[Problem to work on] In the listing below, find the line containing "The millipede on" and the line containing "Shine Upon Him |". Repeat exactly those two lines and every line between them, nothing more.

[Source data]
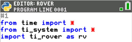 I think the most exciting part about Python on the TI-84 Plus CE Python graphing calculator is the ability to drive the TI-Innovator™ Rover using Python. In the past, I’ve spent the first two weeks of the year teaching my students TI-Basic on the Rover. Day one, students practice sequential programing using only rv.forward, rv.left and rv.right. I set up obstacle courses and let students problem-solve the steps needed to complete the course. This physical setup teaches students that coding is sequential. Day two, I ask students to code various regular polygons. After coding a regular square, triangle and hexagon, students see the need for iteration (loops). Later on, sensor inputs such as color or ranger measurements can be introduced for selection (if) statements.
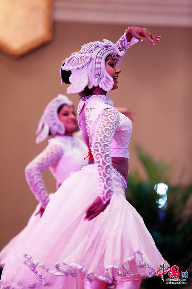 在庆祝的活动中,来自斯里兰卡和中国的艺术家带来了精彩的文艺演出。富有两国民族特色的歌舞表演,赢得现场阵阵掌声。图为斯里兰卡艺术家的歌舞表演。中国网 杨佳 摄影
* * *
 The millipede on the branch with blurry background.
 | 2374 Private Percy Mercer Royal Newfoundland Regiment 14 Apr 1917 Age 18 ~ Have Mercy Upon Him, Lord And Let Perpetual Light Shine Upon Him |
---
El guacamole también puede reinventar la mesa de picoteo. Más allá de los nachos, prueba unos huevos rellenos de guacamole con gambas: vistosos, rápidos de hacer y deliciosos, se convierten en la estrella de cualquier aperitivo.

[Solution to this problem]
 The millipede on the branch with blurry background.
 | 2374 Private Percy Mercer Royal Newfoundland Regiment 14 Apr 1917 Age 18 ~ Have Mercy Upon Him, Lord And Let Perpetual Light Shine Upon Him |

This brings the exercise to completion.